*RECORDS FOR PROCESSING*
++++++
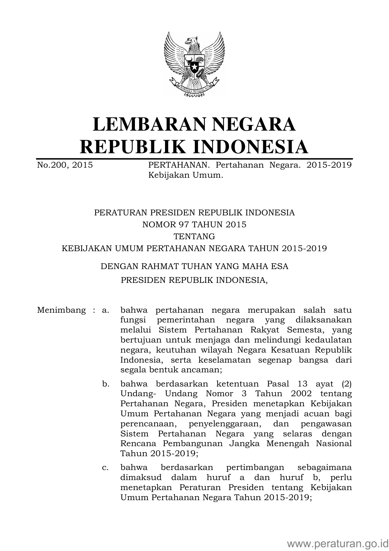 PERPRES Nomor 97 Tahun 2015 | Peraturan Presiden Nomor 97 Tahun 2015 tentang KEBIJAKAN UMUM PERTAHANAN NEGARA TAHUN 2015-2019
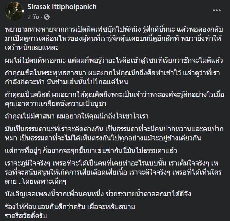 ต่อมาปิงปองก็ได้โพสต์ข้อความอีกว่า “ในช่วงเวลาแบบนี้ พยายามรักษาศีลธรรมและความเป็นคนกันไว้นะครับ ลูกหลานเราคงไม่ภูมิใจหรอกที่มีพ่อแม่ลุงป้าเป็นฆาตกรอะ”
++++++
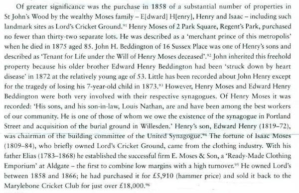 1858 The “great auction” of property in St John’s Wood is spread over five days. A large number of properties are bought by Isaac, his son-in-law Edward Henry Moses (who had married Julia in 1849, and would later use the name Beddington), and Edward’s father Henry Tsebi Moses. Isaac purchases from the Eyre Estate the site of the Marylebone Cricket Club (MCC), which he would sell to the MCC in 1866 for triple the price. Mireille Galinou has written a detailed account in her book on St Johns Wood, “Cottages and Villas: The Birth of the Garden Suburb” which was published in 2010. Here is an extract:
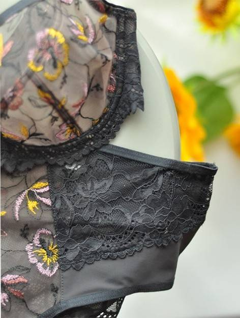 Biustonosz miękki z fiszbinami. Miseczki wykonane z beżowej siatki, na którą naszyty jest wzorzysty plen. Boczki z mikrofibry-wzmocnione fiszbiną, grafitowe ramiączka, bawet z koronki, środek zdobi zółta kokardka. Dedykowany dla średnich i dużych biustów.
++++++
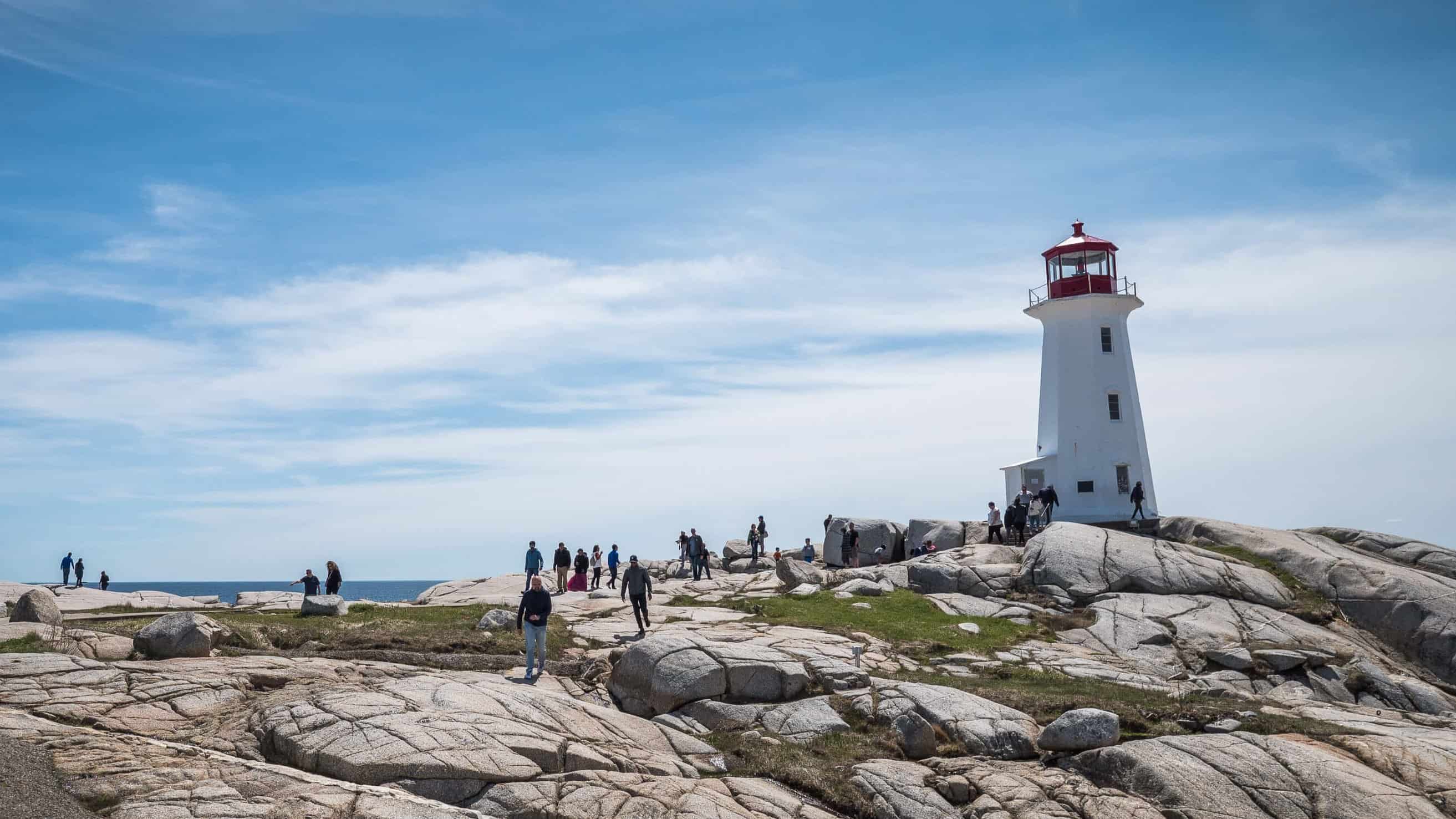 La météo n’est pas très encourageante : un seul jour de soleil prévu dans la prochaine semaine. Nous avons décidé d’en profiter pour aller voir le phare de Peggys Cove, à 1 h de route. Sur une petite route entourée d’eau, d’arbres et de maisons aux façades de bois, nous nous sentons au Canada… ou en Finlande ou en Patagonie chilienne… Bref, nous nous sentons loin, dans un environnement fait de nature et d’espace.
++++++
*WHAT THE TASK REQUIRES*
Set down again, word for word, every line from the one with "of property in" to the one with "Biustonosz miękki z" in the entries above, and omit the pictures.

*RESULT FOR THIS EXERCISE*
 1858 The “great auction” of property in St John’s Wood is spread over five days. A large number of properties are bought by Isaac, his son-in-law Edward Henry Moses (who had married Julia in 1849, and would later use the name Beddington), and Edward’s father Henry Tsebi Moses. Isaac purchases from the Eyre Estate the site of the Marylebone Cricket Club (MCC), which he would sell to the MCC in 1866 for triple the price. Mireille Galinou has written a detailed account in her book on St Johns Wood, “Cottages and Villas: The Birth of the Garden Suburb” which was published in 2010. Here is an extract:
 Biustonosz miękki z fiszbinami. Miseczki wykonane z beżowej siatki, na którą naszyty jest wzorzysty plen. Boczki z mikrofibry-wzmocnione fiszbiną, grafitowe ramiączka, bawet z koronki, środek zdobi zółta kokardka. Dedykowany dla średnich i dużych biustów.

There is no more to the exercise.